You build a structure because it works. But over time, that structure becomes a voice. If it is in constant flux, what does that say about you as an artist?
Structure Reveals Philosophy
Take this layout:
IDT → negative → CDL → look → secondaries → texture → ODT
For this structure, the negative early is an homage to the filmic approach. But what if we expose before the negative, as if the CDL were the camera?
IDT → CDL → negative → look → secondaries → texture → ODT
Those questions compose your look development philosophy. You are not reactively chasing a look. You are efficiently setting an overarching tone.
Other colorists build differently. Some front-load the look, letting emotional tone guide every step after. Others create parallel paths to test options side by side.

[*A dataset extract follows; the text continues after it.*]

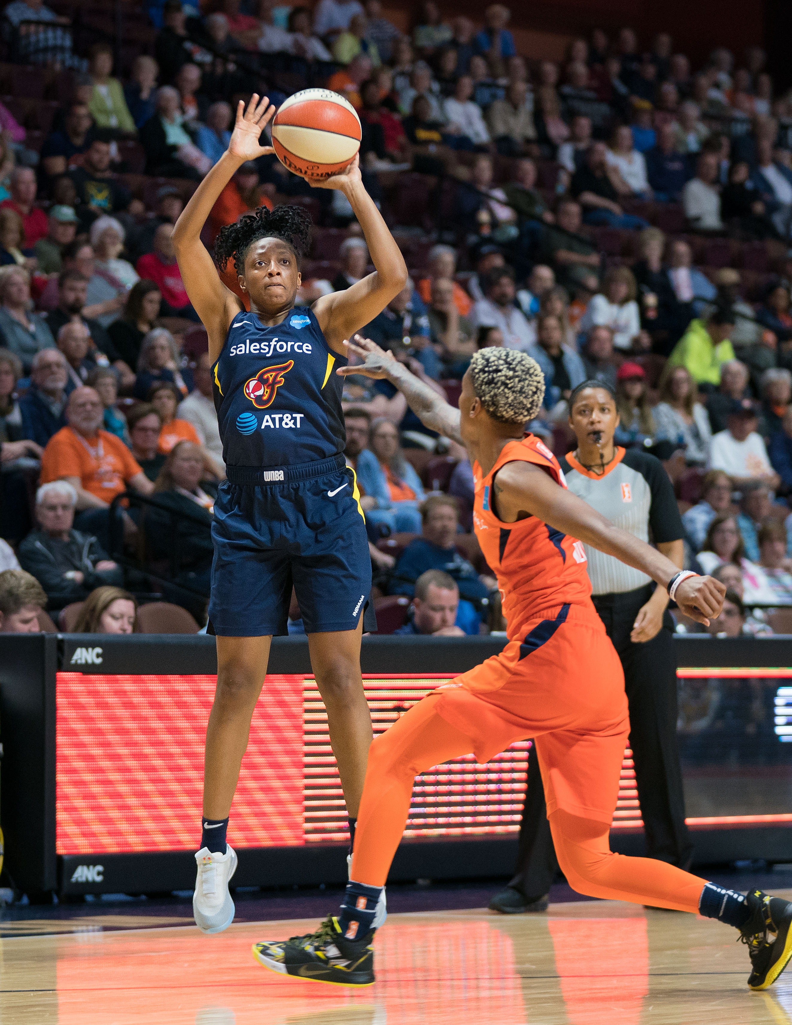 Indiana Fever guard Kelsey Mitchell (0) shoots during the WNBA game between the Indiana Fever and the Connecticut Sun at Mohegan Sun Arena, Uncasville, Connecticut, USA on May 28, 2019. Photo Credit: Chris Poss

Each approach says something. Your structure reveals how you think, technically and creatively. It shows what you value and what you are willing to let go of.
When your architecture is sound, your instincts have room to operate. You are not second-guessing. And the more consistent that structure becomes, the louder your voice gets.
Process Is Louder Than Style
There is a difference between aiming for a film look and understanding how film thinks.
Subtractive color is not a trend. It is part of my color philosophy.
Film blocks light. It removes. It carves. Just like shaping sound by taking out harsh frequencies, this is an approach: taking out red, green, or blue with printer lights.
When you approach digital grading this way, you are revealing what is already there through discipline and craft.
That is the difference between applying a LUT and creating a process you trust across projects. Nothing is wrong with LUTs. Anything and everything goes. But process is what lets the look survive context.
Technical Flexibility, Creative Consistency
I will use JPlog2 on one job, ACES 2 on the next, and LogC when the project makes that obvious.
That does not change who I am. It means I am listening.
JPlog2 gives me nuance. ACES 2 gives me structure. LogC was obvious when the whole campaign was shot on ARRI cameras.
Neither is better. They are different doors into similar rooms. What matters is knowing why I reach for one over the other, and what it allows me to say.
Gear changes. Specs change. Deliverables shift. But your voice should hold, unless you choose to evolve it.
Color philosophy is not something you build once. It is something you revisit every time you hit play.